Brits still waiting for full Brexit comedy dividend

News Hour:

They were the two stories that rocked the Western world last year. But while Donald Trump’s election injected new life into U.S. political comedy, the British are still waiting for Brexit to usher in their new golden age of satire.

Americans can choose from half a dozen weekly or nightly TV shows for acute observations of a political transformation that has given veteran actor Alec Baldwin a whole new career as a Trump impersonator , reports Reuters.

“(My comedy career) did die and I’m being reincarnated as Trump, oh God!” Baldwin told Reuters.

In Britain, comedy fans have thin pickings as broadcasters have to respect rules on impartiality, and chatty panel shows, rather than hard-hitting satire, dominate the schedules.

“I don’t know if there’ll be a boom in satire here. Clearly there’s some big issues to get stuck into,” satirist Andy Zaltzman told Reuters after recording an episode of “The Bugle”, his weekly “audio newspaper for a visual world”.

“In America, their politics and in particular their media are conducted at a much higher pitch … There’s an unending stream of news stories that are ripe for satirical comedy which we probably don’t have here, but we should be able to do a very strong weekly topical satirical TV show.”

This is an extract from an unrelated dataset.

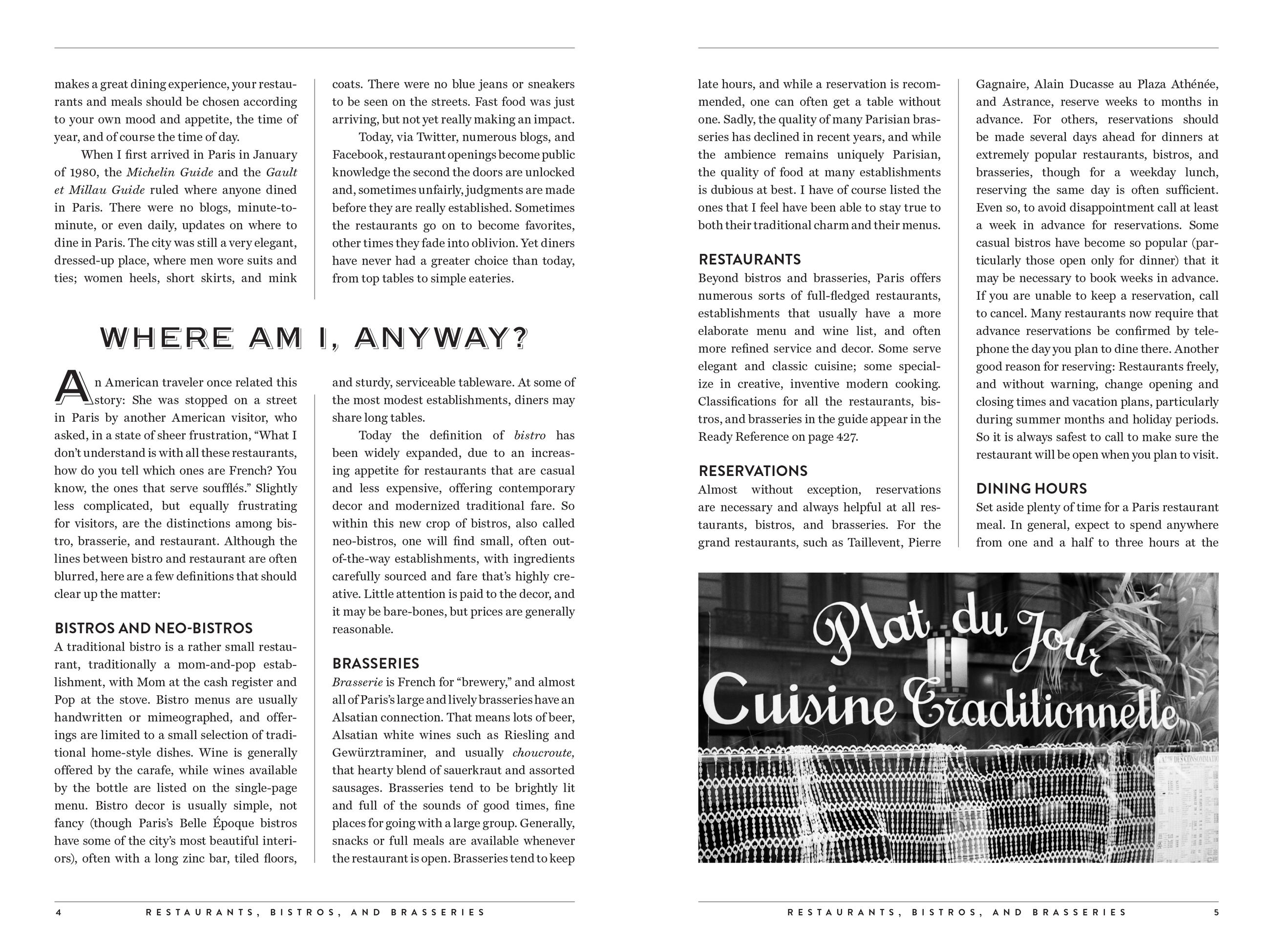 In 457 entries—345 new to this edition, plus 112 revisited and reviewed classics—The Food Lover’s Guide to Paris offers an elegantly written go-to guide to the very best restaurants, cafés, wine bars, and bistros in Paris, as well as where to find the flakiest croissants, earthiest charcuteries, sublimest cheese, most ethereal macarons, and impeccable outdoor markets. The genius of the book is Ms. Wells’s meritocratic spirit. Whether you’re looking for a before-you-die Michelin three-star experience (Guy Savoy, perhaps, or Restaurant Alain Ducasse au Plaza Athénée) or wanting to sample the new bistronomy (Bistrot Paul Bert, Le Comptoir du Relais) or craving something simple and perfect (L’As du Fallafel, or Breizh Café for crêpes), Patricia Wells tells you exactly where to go and why you should go there. You no longer have to rely on the iffy “reviews” of Yelp or Trip Advisor.

Zaltzman launched The Bugle in 2007 with fellow Brit John Oliver who has since become one of the most influential TV satirists in America with his own weekly HBO show “Last Week Tonight”.

The re-booted Bugle, with a roster of co-hosts to replace Oliver, gets 12 million downloads a year and gives Zaltzman independence he would not have with a broadcaster.

“Because you don’t have a commissioner saying ‘you can’t say that’ or ‘you have to balance this out’, you can just say whatever you want,” he says.

That was not always a problem.

The social revolution of the 1960s was met by “That Was the Week That Was”, the BBC show that launched the career of David Frost. The famously vicious 1980s puppet show “Spitting Image”, broadcast on the main commercial channel ITV, had a grotesquely domineering Margaret Thatcher as its central character.

The closest thing Brexit Britain has is “Have I Got News For You”, a panel show running since 1990 that, some critics say, is ripe for retirement.

“Images are required to spit in a balanced, proportionate fashion,” Guardian columnist Peter Preston wrote, branding “HIGNFY” a “semi-satirical quip show”.